Vereinsleben

Walternienburger Sportplatz in Topverfassung

Vorsitzender Reinhard Werner und sein Team mähen jede Woche und sorgen für eine nötige Nachsaat.

Von Simone Zander
Die schöne Sportanlage in Walternienburg lädt geradzu zum Sporttreiben ein. Doch bisher war dies aufgrund der hohen Inzidenzzahlen in Zeiten der Corona-Pandemie nicht möglich. Nun ist ein Licht am Ende des Tunnels zu sehen.
Die schöne Sportanlage in Walternienburg lädt geradzu zum Sporttreiben ein. Doch bisher war dies aufgrund der hohen Inzidenzzahlen in Zeiten der Corona-Pandemie nicht möglich. Nun ist ein Licht am Ende des Tunnels zu sehen. Foto: Sport Print Zander

Walternienburg.

Die Sportanlage in Walternienburg lädt in ihrem schönen grünen Gewand geradezu zum Sporttreiben ein. Nach den erneuten Lockerungen könnten die Vereinsmitglieder des Walternienburger SV (WSV) und der FSG Walternienburg/Güterglück sowie alle anderen Sportler auch wieder trainieren, wenn die Sieben-Tage-Inzidenz an fünf aufeinander folgenden Werktagen unter 100 liegt, zumindest im Freien in Gruppen bis höchstens 25 Personen, einschließlich des Trainers. Dies ist ein kleiner Lichtblick am Ende des Tunnels.

„Alles auf Sparflamme“

Denn bisher läuft in Walternienburg „alles auf Sparflamme“, teilte Reinhard Werner, Vorsitzender des WSV, mit. „Unsere Fußballer hatten bis vor etwas über drei Wochen wieder einmal pro Woche trainiert. Doch dann wurde ja wieder alles gesperrt.“

Aber auch für Reinhard Werner ist „Licht im Tunnel zu sehen“ und er rechnet damit, dass seine Teams „vielleicht im September wieder loslegen können“. „Mit den Alten Herren geht es eventuell sogar schon im August, so dass wir noch ein paar Freundschaftsspiele bestreiten können“, hofft er.

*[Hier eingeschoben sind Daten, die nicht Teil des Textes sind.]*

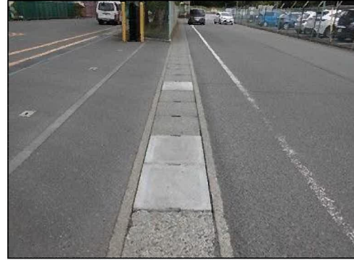
側溝の蓋の破損（蓋交換後）

Dass die Sportanlage in Walternienburg so gepflegt aussieht, ist kein Zufall: „Wir wenden dafür viel Zeit auf. Ich habe jemanden von unseren Sportfreunden gewonnen, der mit mir die Pflege vom Sportplatz übernommen hat. Wir mähen jede Woche einmal und haben auch die ganzen Randflächen mit Hilfe von ABM-Kräften, die alle acht Wochen einmal kommen, sehr gut im Griff.“

Reinhard Werner und sein Verein haben sich um Zuschüsse für eine Nachsaat auf dem Sportplatz bemüht, weil „das Unkraut stark hervorgetreten war und wir dies durch eine dichte Grasnarbe unterbinden wollen“, erklärte der Vereinschef, der auch das Amt des Abteilungsleiters Fußball inne hat.

Die Nachsaat wurde von der Firma Keller und Tersch aus Schönebeck vorgenommen, die gerade dabei ist, den grundhaften Ausbau des Zerbster „Friedrich-Ludwig-Jahn“-Stadions zu realisieren.